Post by paulcadogan » Thu Feb 25, 2016 3:52 pm

RF wrote: Given the operational necessity to stop the Bismarck plus the vulnerability of Hood to Bismarck's fire I find this a curious line of thought. With the added scenario also of eight of the heavy guns not bearing on either enemy ship I would have thought that Holland's first priority must be to degrade Bismarck's gunnery and that would mean all available guns fire on Bismarck.... a decision surely obvious at the point Holland's run in started.
I think the misidentification was just that and there was no intent to fire on Prinz Eugen.
RF, I don't believe there was any intent to fire on PG. The problem for Hood was IDing which was which as the range came down and the time to open fire approached.

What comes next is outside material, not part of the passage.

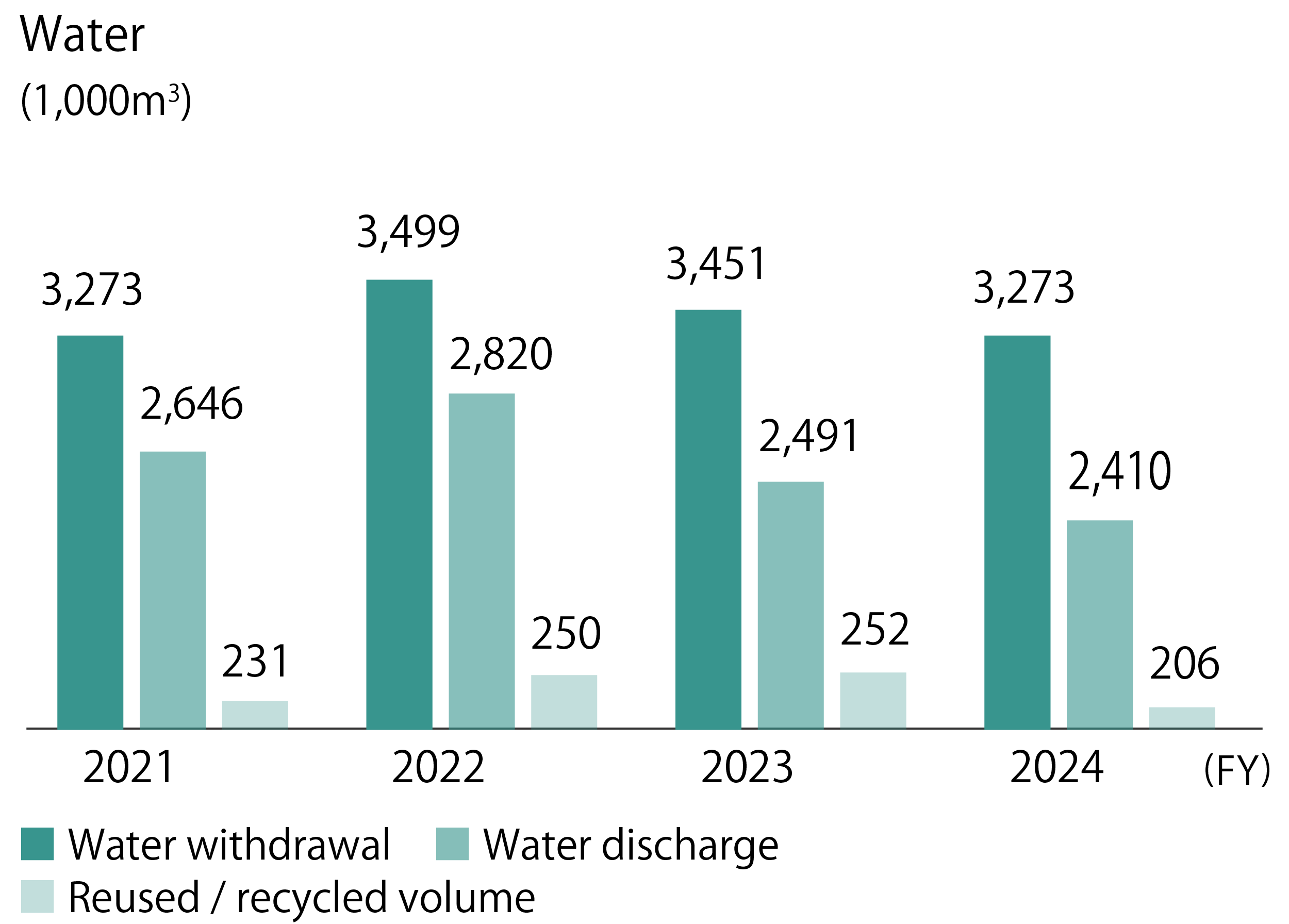 As the world's population increases and economic development progresses, the escalation of problems related to water stress and water pollution are becoming social issues. Consequently, corporations are expected to utilize water resources effectively, reduce consumption, and prevent pollution.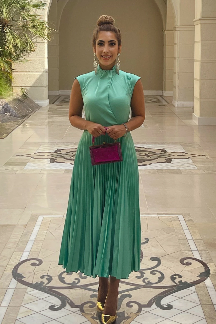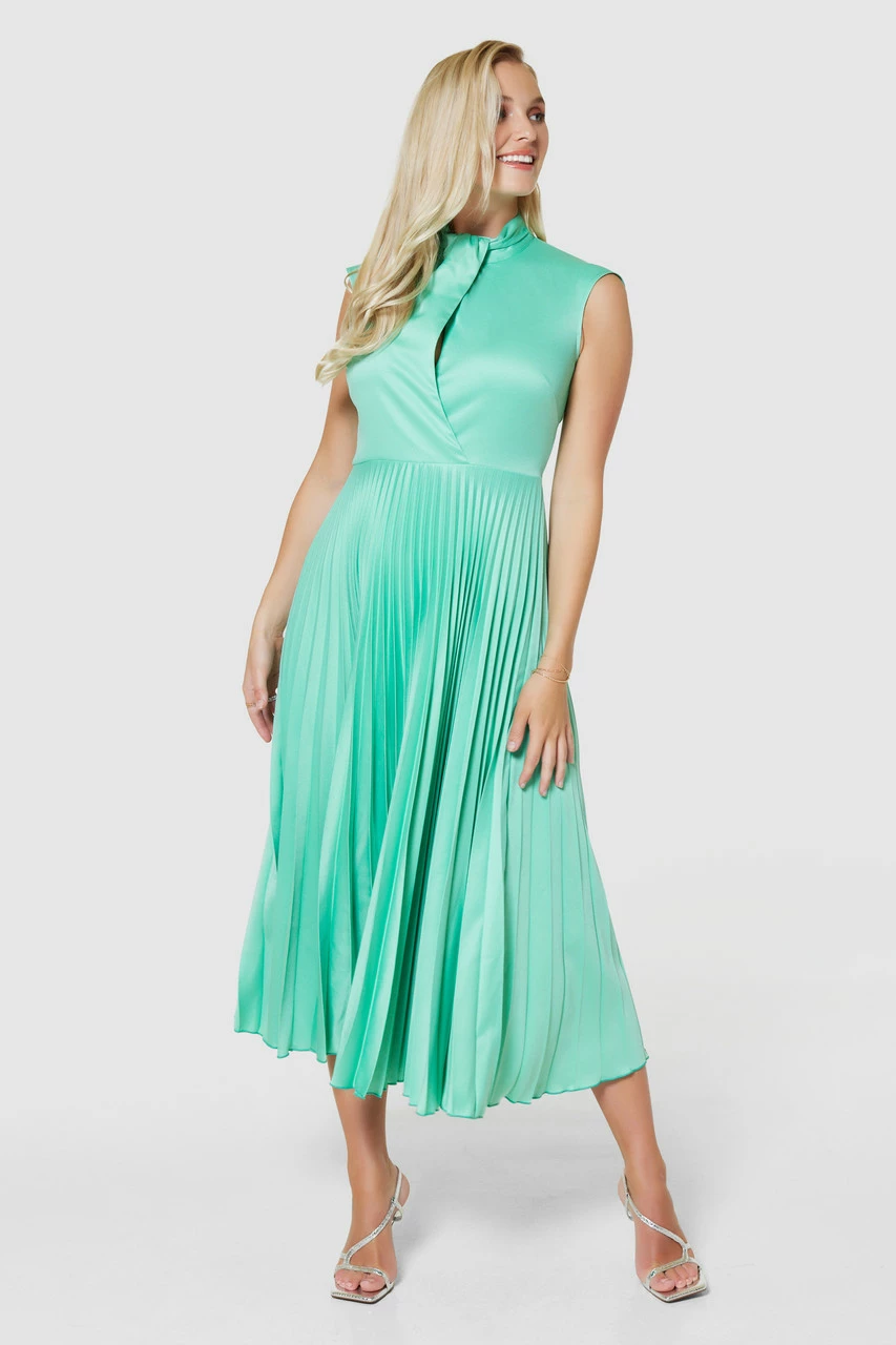 A matt mint satin dress with a subtle keyhole opening at the waist, a draped collar and long sunray pleated skirt

To my mind we have to consider these factors in trying to assess what Holland was doing.

1)At 0550, Holland signalled for concentration of fire on the left hand ship, believing Bismarck to be leading.

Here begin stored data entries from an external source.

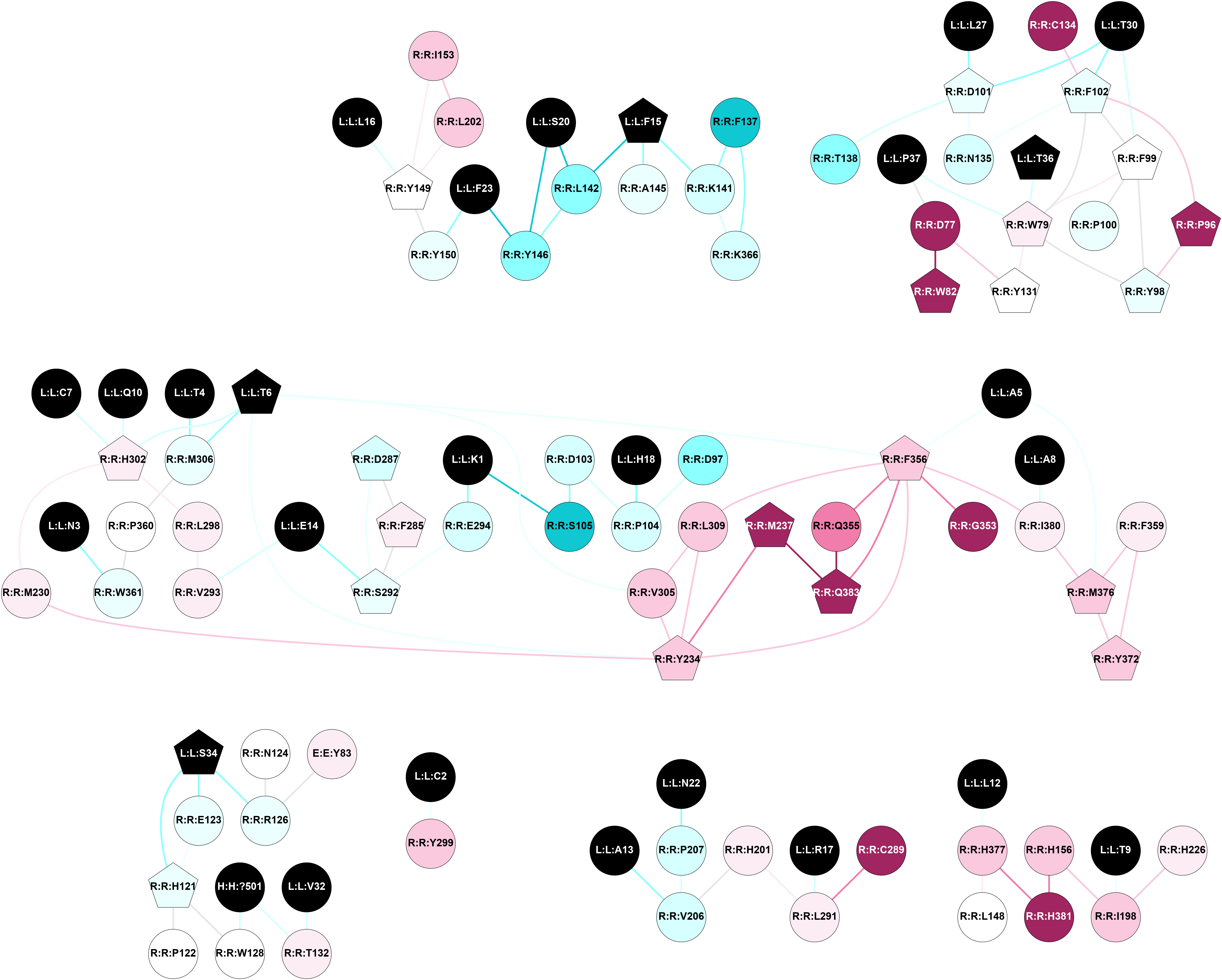 Links and nodes colored according to ConSurf Conservation Grade (See documentation): n/a 1 2 3 4 5 6 7 8 9 |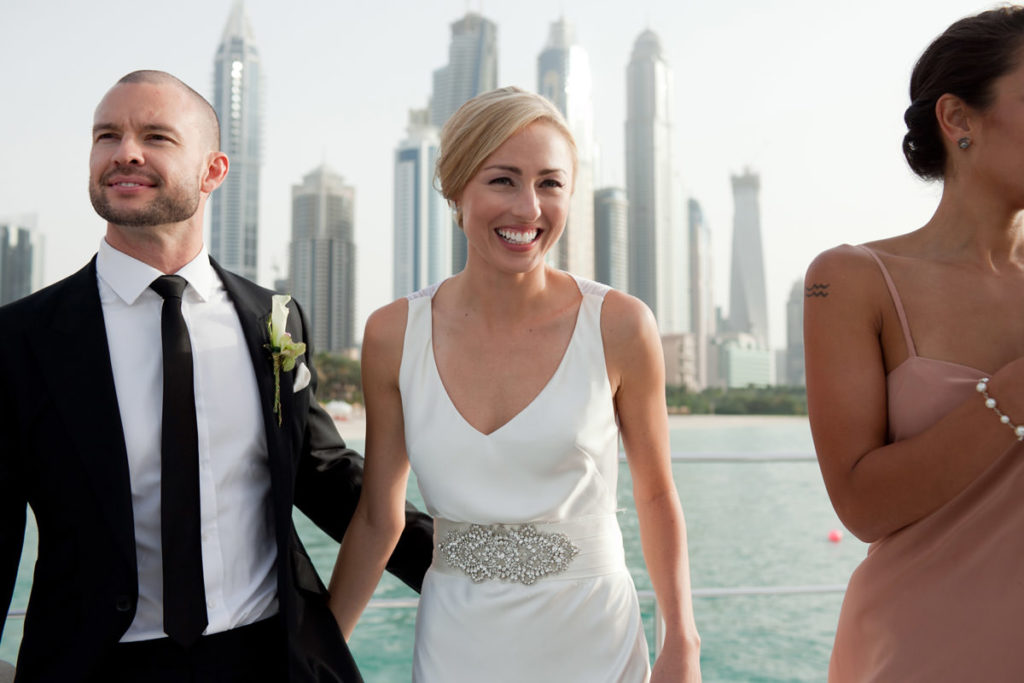 Dubai and its bold architecture is a very interesting place itself to photograph. If you add Cassandra and Cameron’s Wedding Photography One and Only The Palm, one of the most stylish Moroccan-influenced resort, then you have a blast as a photographer. Being from Down Under, Cassandra and Cameron have been based in Dubai for a couple of years. They picked the beautiful One & Only Royal Mirage Resort — The Palace — for their symbolic wedding ceremony. The late warm afternoon sun was setting up the mood by the beach. The wedding reception was a quick boat ride away to the other part of the Resort in the One & Only — The Palm — located at the far end of the Palm Jumeirah. The view of the Jumeirah skyline was especially stunning at nightime. Thank you Cassandra and Cameron for your warm welcome and for being so easy-going. It was great fun to be part of your special day!!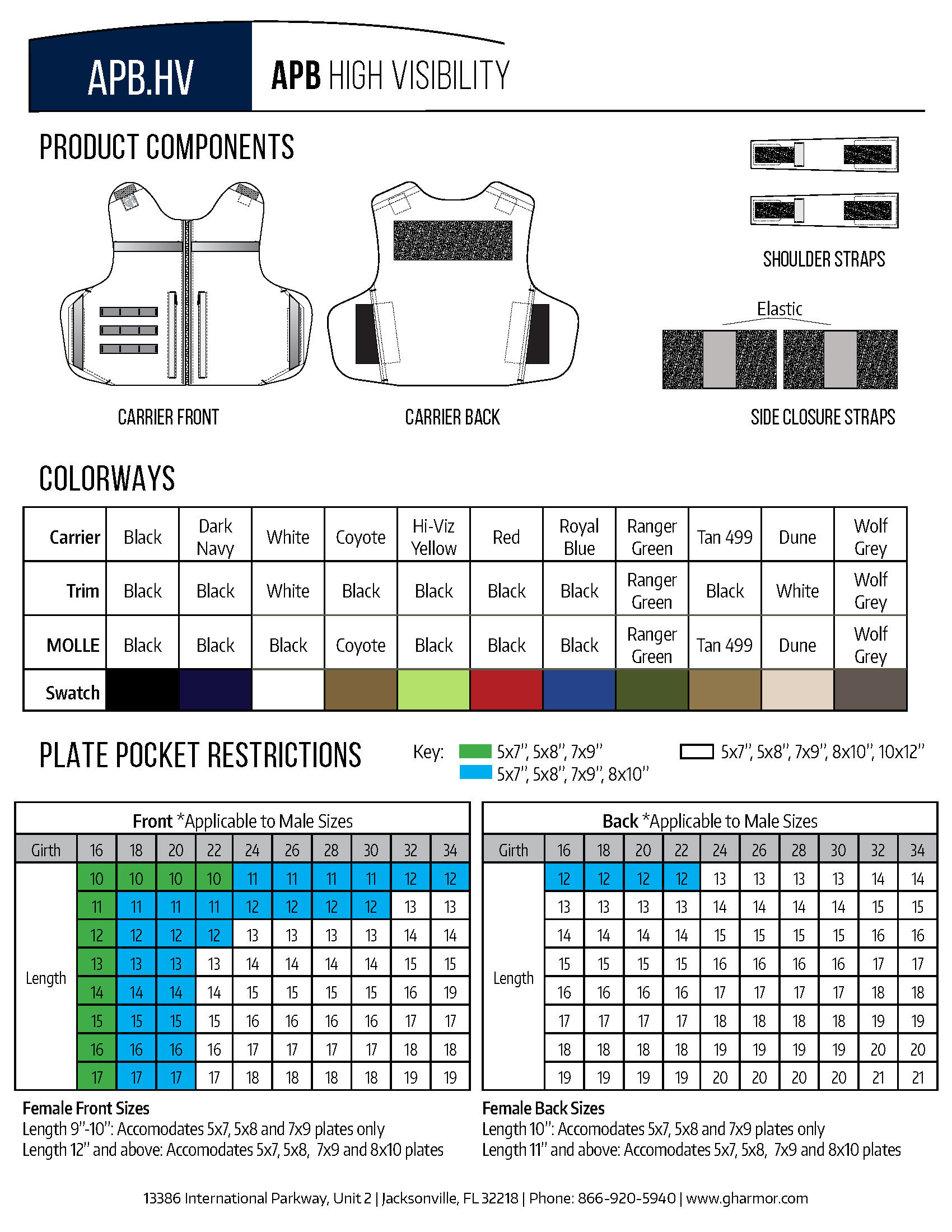 | Plate Pocket: | 5×7", 5×8", 7×9", 8×10” and 10×12” front and rear rifle plate pockets (size restrictions apply). |

2) At 0552, seconds before Hood opened fire, he signalled PoW to shift target right.

3) We know that Hood continued to fire at the left hand target.

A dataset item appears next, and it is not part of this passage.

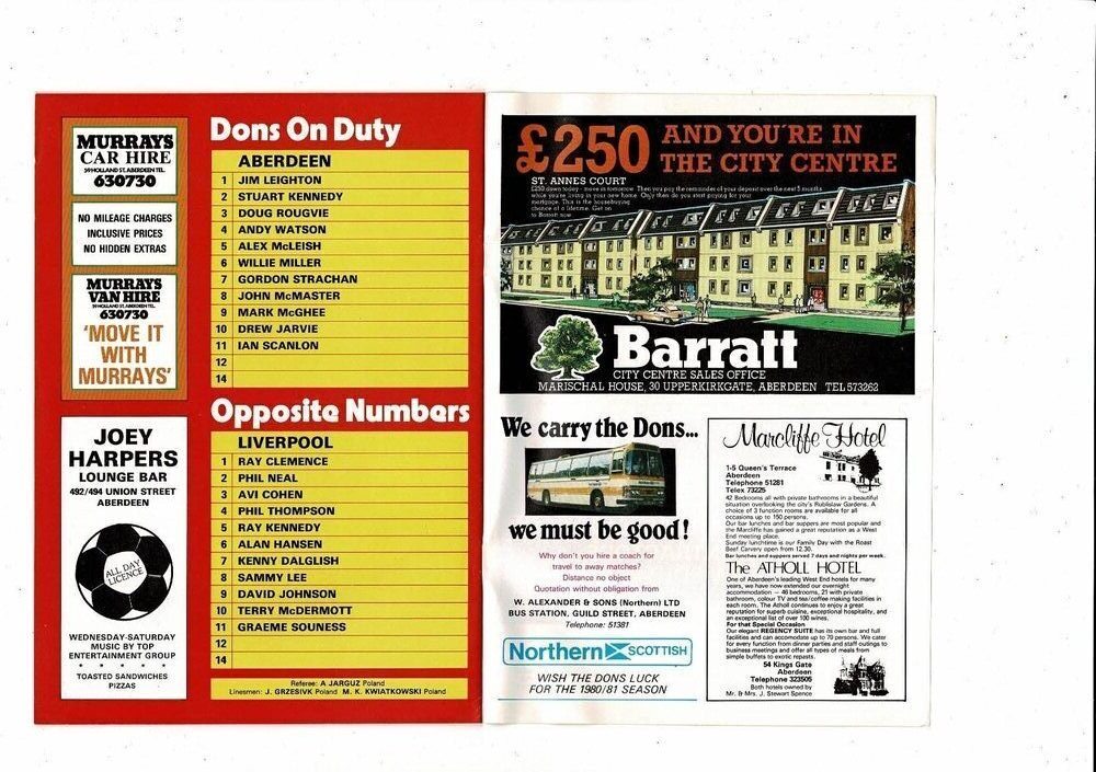 Aberdeen v Liverpool European Cup Football Programme 1980/81

4) We have Ted Briggs' account which states that a report came from the spotting top AFTER Hood opened fire that they were shooting at the wrong ship at which point Holland ordered a shift to the right hand target.

5) It has been said (McMullen's letter) that the conditions in Hood's spotting top at speed might have made target observation more difficult than it was for PoW - hence it was harder to distinguish the German ships at long range.

Points 3 and 4 suggest that the order to PoW at 0552 was NOT given to Hood's gunnery department - otherwise they should have switched target prior to the opening of fire and there would have been no need for them to report the error afterwards.

So, this is why I suggest there was uncertainty on Hood's compass platform (and gunnery department for that matter) at 0552 as to which German ship was which. Holland could either have held fire until firm ID was made (which might have been dangerous if the Germans fired on them first) or temporarily spread fire to ensure Bismarck was targeted immediately with the correction being made upon definitive ID. To me this is the most logical explanation.

This is why I always lament the fact that Leach did not immediately signal PoW's misgivings with the 0550 signal from Holland. When the shift signal came at 0552, he would therefore have assumed that the flagship had recognized the error in time.